* **What is expected**: Repeat the entire listing exactly. Omit all pictures.

* **Supplied material**:
|---|
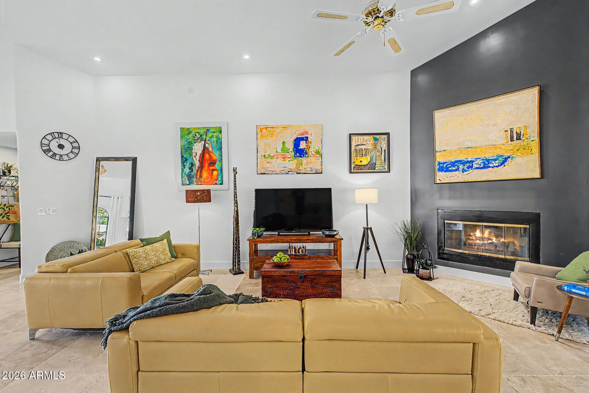 Prestigious Ahwatukee Custom Estates remodel boasts a 3-car garage, an extended driveway, RV gate, and a lovely oversized lot w/desert landscape,the spacious portico that sets an inviting atmosphere. Fall in love w/ the captivating interior, showcasing a living room with a charming bay window and a formal dining room for hosting unforgettable dinner gatherings. Youll also find an exquisite great room with soaring vaulted ceilings, a soothing palette, stone-tile flooring, and a cozy fireplace for relaxing moments with loved ones. The stunning remodel of this chefs kitchen features a breakfast nook, quartz counters with a matching backsplash, crisp white cabinetry, essential built-in appliances, and a center island with a breakfast bar for casual dining. The primary is gorgeous! MORE.. The luxurious primary bedroom boasts rustic wood flooring, convenient backyard access, a lavish ensuite with dual sinks, a soaking tub, a raindrop shower for ultimate relaxation, and a walk-in closet. Unwind on the rooftop deck, which offers breathtaking mountain views for a picturesque backdrop. The enchanting backyard includes a sizeable covered patio, flagstone pavers, and abundant space for outdoor relaxation. Dont miss out on this incredible gem!
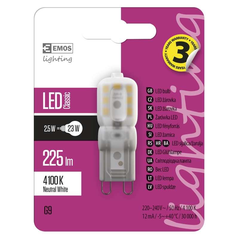 EMOS ZQ9523 LED ZIAROVKA CLASSIC JC A++ 2,5W G9 NEUTRALNA BIELA vystavený kus
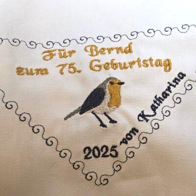Gestickt werden die “Schilder” auf weißem Körperstoff (etwas dickerer Baumwollstoff mit Struktur) in den Wunschfarben. Es kann ein Spruch sein, eine Widmung, ein Gedicht uvm.
|---|
* **Answer section**:
 Prestigious Ahwatukee Custom Estates remodel boasts a 3-car garage, an extended driveway, RV gate, and a lovely oversized lot w/desert landscape,the spacious portico that sets an inviting atmosphere. Fall in love w/ the captivating interior, showcasing a living room with a charming bay window and a formal dining room for hosting unforgettable dinner gatherings. Youll also find an exquisite great room with soaring vaulted ceilings, a soothing palette, stone-tile flooring, and a cozy fireplace for relaxing moments with loved ones. The stunning remodel of this chefs kitchen features a breakfast nook, quartz counters with a matching backsplash, crisp white cabinetry, essential built-in appliances, and a center island with a breakfast bar for casual dining. The primary is gorgeous! MORE.. The luxurious primary bedroom boasts rustic wood flooring, convenient backyard access, a lavish ensuite with dual sinks, a soaking tub, a raindrop shower for ultimate relaxation, and a walk-in closet. Unwind on the rooftop deck, which offers breathtaking mountain views for a picturesque backdrop. The enchanting backyard includes a sizeable covered patio, flagstone pavers, and abundant space for outdoor relaxation. Dont miss out on this incredible gem!
 EMOS ZQ9523 LED ZIAROVKA CLASSIC JC A++ 2,5W G9 NEUTRALNA BIELA vystavený kus
Gestickt werden die “Schilder” auf weißem Körperstoff (etwas dickerer Baumwollstoff mit Struktur) in den Wunschfarben. Es kann ein Spruch sein, eine Widmung, ein Gedicht uvm.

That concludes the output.